Fairytale Come Alive (Ghosts and Reincarnation #4)(4)



She watched Prentice’s village slide by, happy the windows were tinted and no one could see in. The limousine, undoubtedly not a common vehicle to glide down the cobbled streets, was causing quite a stir and everyone was stopping to look.

She recognized more than one face.

Each recognized face caused her heart to contract and her breathing to go erratic.

She curled her fingers into her palms, tight, feeling her nails dig into the flesh painfully.

And familiarly.

The pain, as it often did, calmed her breathing, if not her heart.

“Isn’t this quaint!” Mikey declared also staring out the window and Isabella bit back the desire to explain that the British didn’t like it overly much when Americans described their homes as “quaint”.

She bit back the desire because he was very excited and she loved him.

There were two people she loved on the entire earth, Mikey Bruce and Annie McFadden. Therefore, she’d rather slit her own wrists than do one, single thing that might quell his incalculable glee.

And, for Isabella Austin Evangelista, that was saying something.

“Picnics and dinner parties and log throwing,” Mikey kept talking, “I can’t wait!”

Isabella struggled with her earlier thought because Mikey could be stubborn and so could Annie (to say the least, about both of them) and she wanted to try to curb his disappointment and Annie’s annoyance because they’d had, Isabella knew, about five hundred conversations about the Highlands Games demands Mikey was making on the upcoming festivities.

Therefore, she said softly, “There isn’t going to be log throwing, Mikey. Annie explained that.”

Mikey turned his gaze to Isabella and waved his hand. “I’ll talk her around.”

“Please, she has everything planned as she wants it. It isn’t like you can throw together an event like that on the spur of the moment.”

Mikey’s eyes narrowed and Isabella pulled in a breath.

“I’m sorry but this is a romantic fairytale come alive. A Scottish romantic fairytale come alive. When that happens, you can do anything you want! And a Scottish romantic fairytale come alive means log throwing!” Mikey declared.

He was not wrong. Well, he was about the log throwing, but not about the other stuff.

Annie and Dougal getting married, after twenty years and all that had happened in between, was most definitely a romantic fairytale come alive.

Even though she was happy for her friend, very happy, staggeringly happy, Isabella’s fingers tensed and the nails embedded deeper into the flesh of her palms.

Mikey looked back out the window and so did Isabella.

* * * * *

Twenty years ago, as her father had told Prentice, they’d gone back to Chicago the very day Prentice walked out of Fergus’s house.

So confident in their love, so confident in Isabella, he didn’t even look back.

The next week had been the worst in her life (until the week after, of course).

And this was also saying something.

One could say Isabella’s life had been filled with “worst weeks”.

That was just the worst of them.

Her father had been furious at her “tryst” with “the fisherman” and also about her keeping it from him for over a year.
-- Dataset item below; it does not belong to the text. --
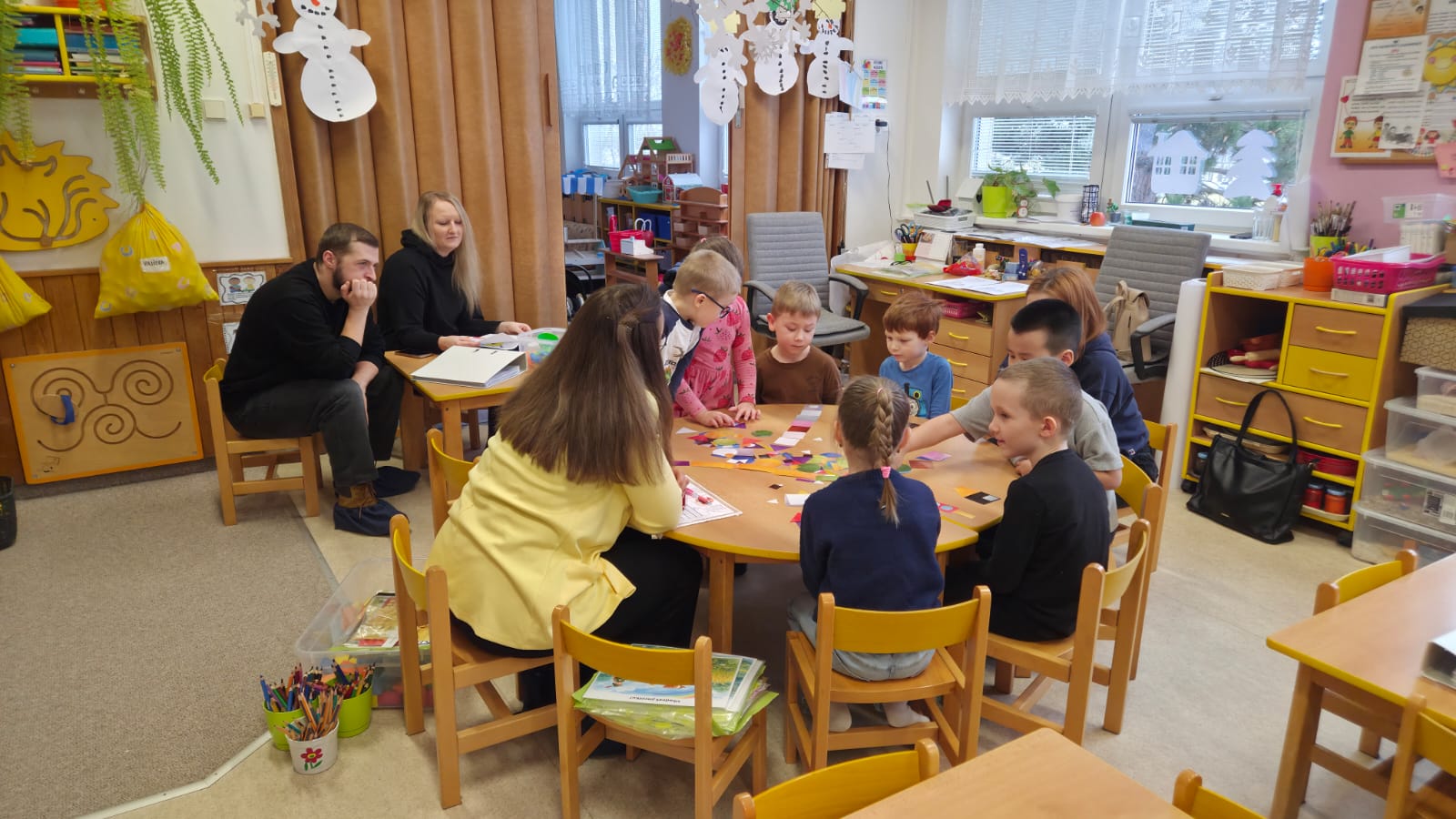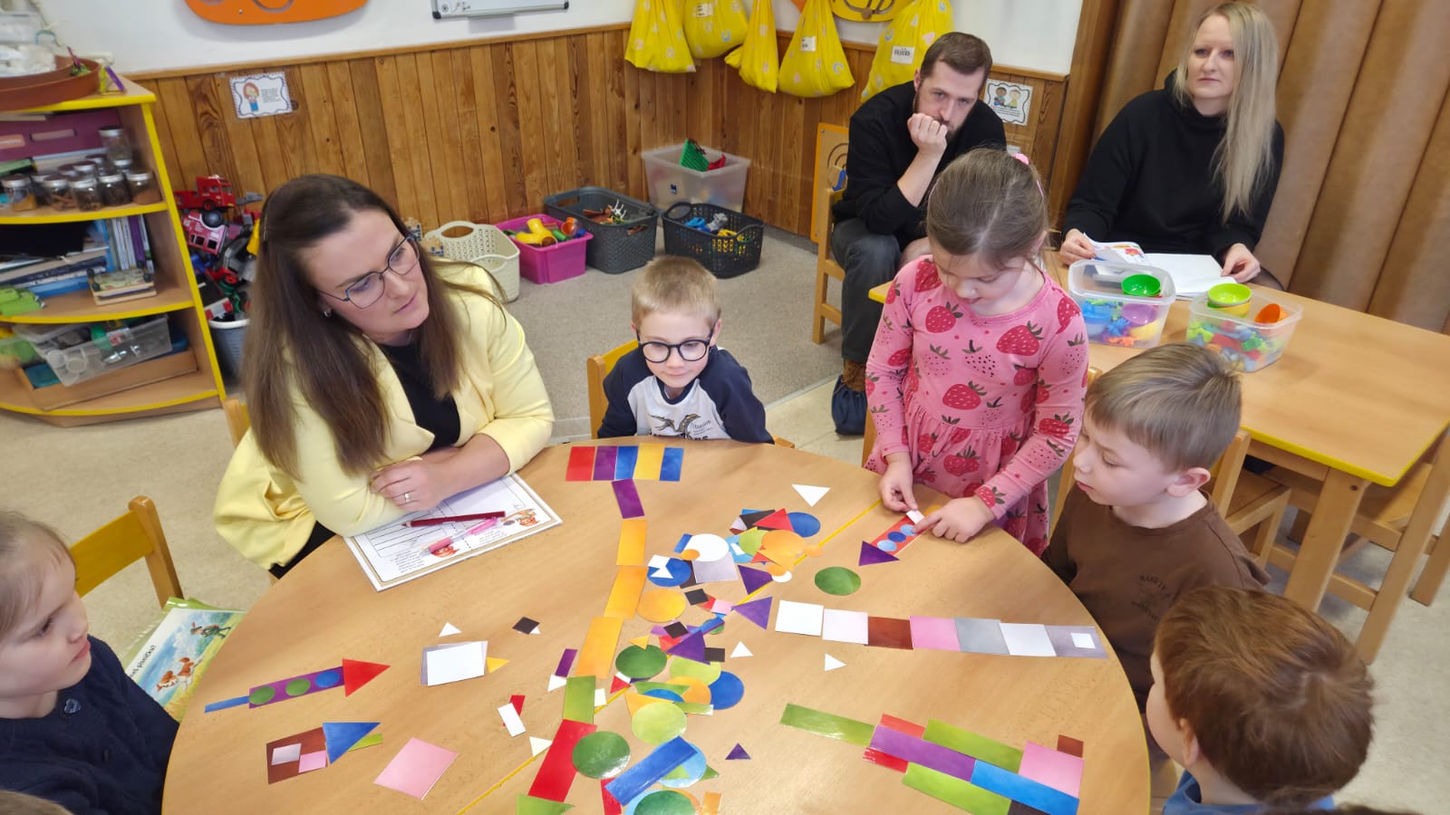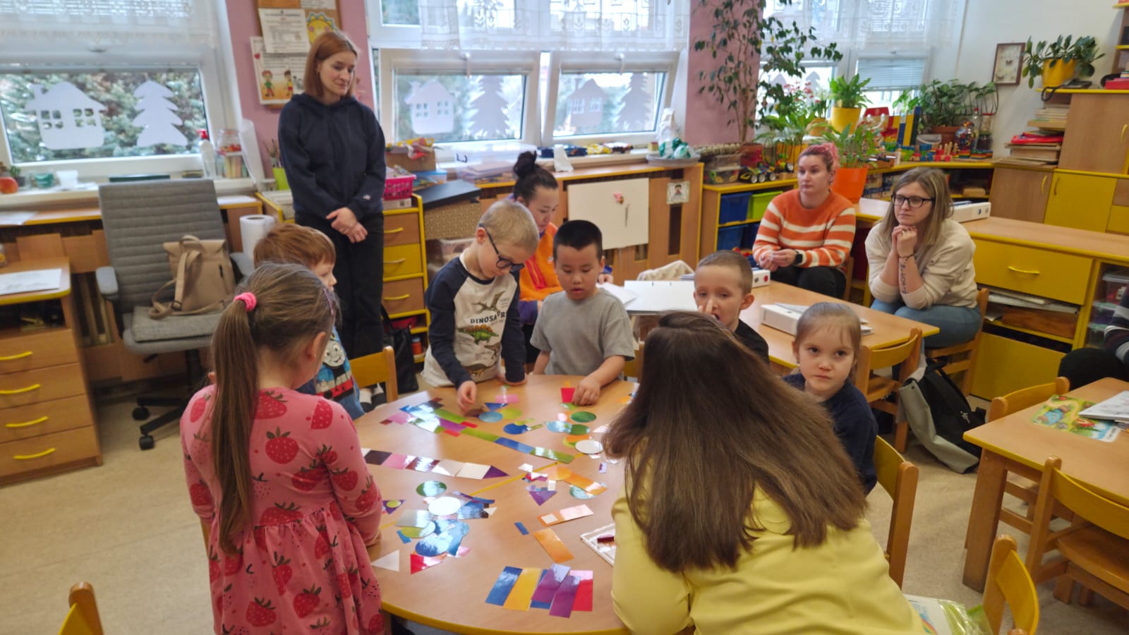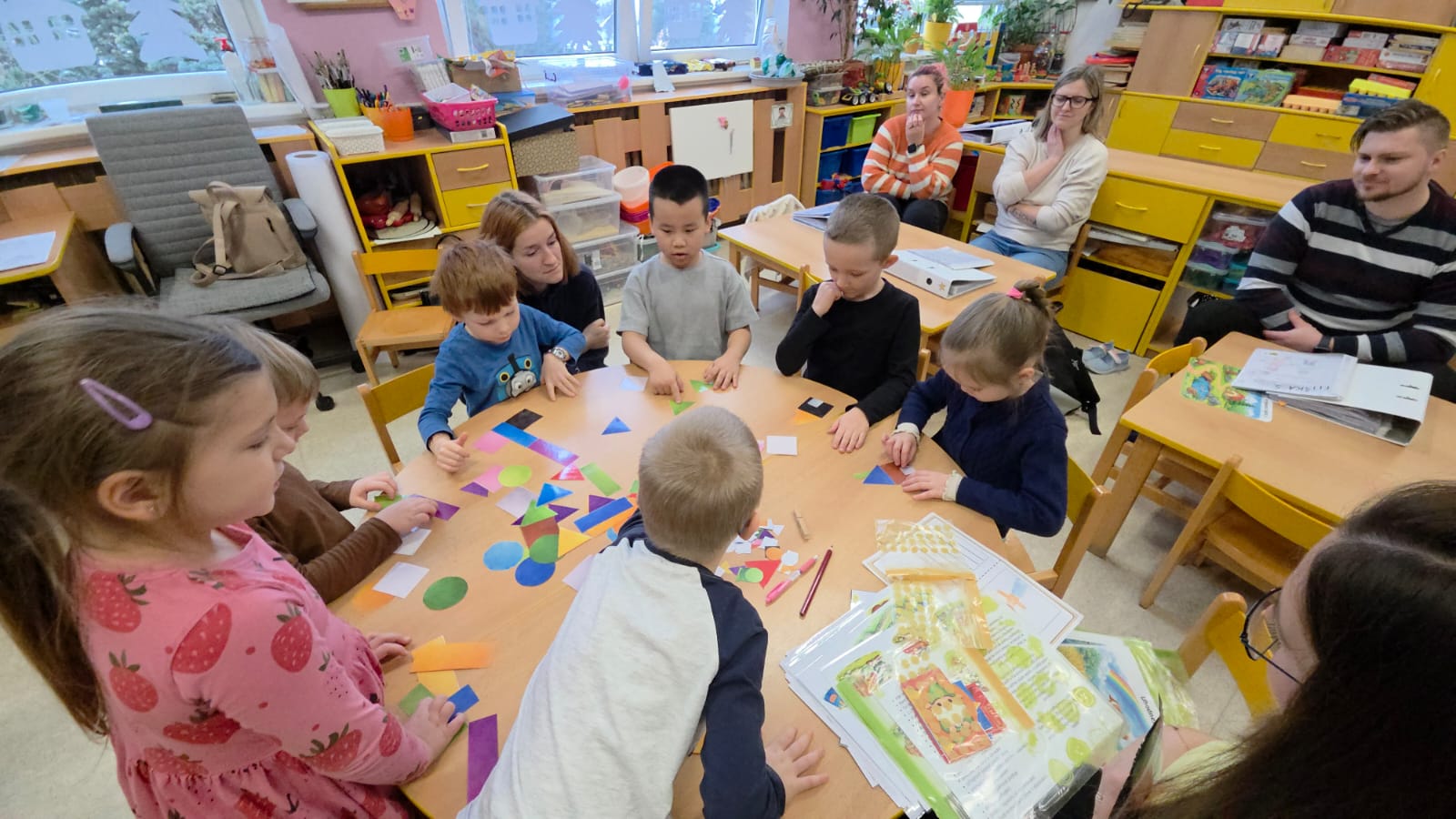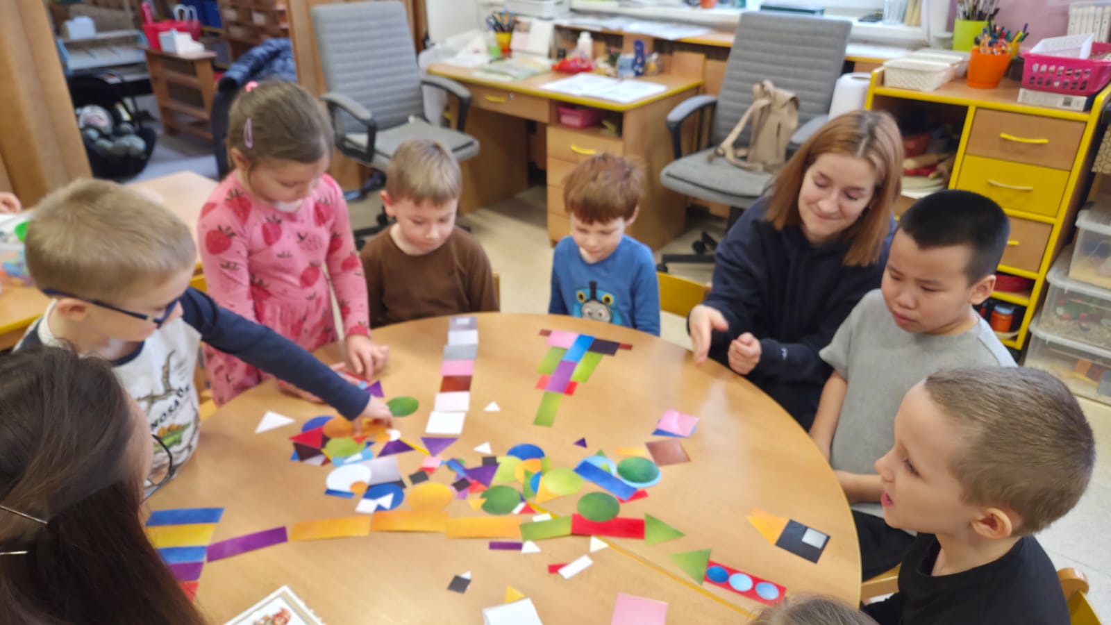 DĚTI SI PROCVIČILY PROSTOROVOU I PRAVOLEVOU ORIENTACI,KRESLILY POSTAVU, VYHLEDÁVALY STEJNÉ GEOMETRICKÉ TVARY NEBO ŘÍDILY PŘEDMĚTY PODLE BAREV.

He took every opportunity (and when there weren’t opportunities, he made them) to describe to Isabella his extreme displeasure.

And when he did, he did this at length.

Sometimes for hours.

Isabella had been heartbroken.

So heartbroken, for the first time in her life, her father’s verbal tirades barely affected her.

All she could think of was Prentice and that awful, awful, awful meeting in Fergus’s living room. The way he looked, his anger, his disbelief, his frustration, all of it pouring off him in waves and crashing against her.

And there was not one thing she could do about it.

Not that first thing.

Not that she would have.

She knew better.

And, it must be said, Prentice deserved better.

However, in an unusual moment of courage, three days after their return, she approached her father and told him he’d been wrong. It wasn’t a “tryst” and Prentice wasn’t just “a fisherman” and even if he was, she didn’t care. She loved him, she wanted to marry him and she wanted to spend the rest of her life with him in his village and that was that.

Her father struck her.

Open-handed and brutal.

When her head swung back he did it again.

He had struck her before in her life, not often, seventeen times to be exact (she’d counted, adding those two, it made it nineteen).

But he’d never done it twice in a row.

She’d been stunned and her courage fled as quickly as it came.

She’d been weak. Such a coward.

Always, all her life, a coward.

Just like her mother.

Prentice deserved better than that. She knew that to the depths of her very soul.

“I’ll not listen to you speak of him again,” her father had told her.

She didn’t speak of Prentice again.

Never again.

Her father’s blows had left a bruise and Isabella had learned her lesson.

And she knew whatever happened in his life, Prentice would have a better one without the likes of her in it.

Two days after that, she got the call that Dougal and Annie had been in a car accident.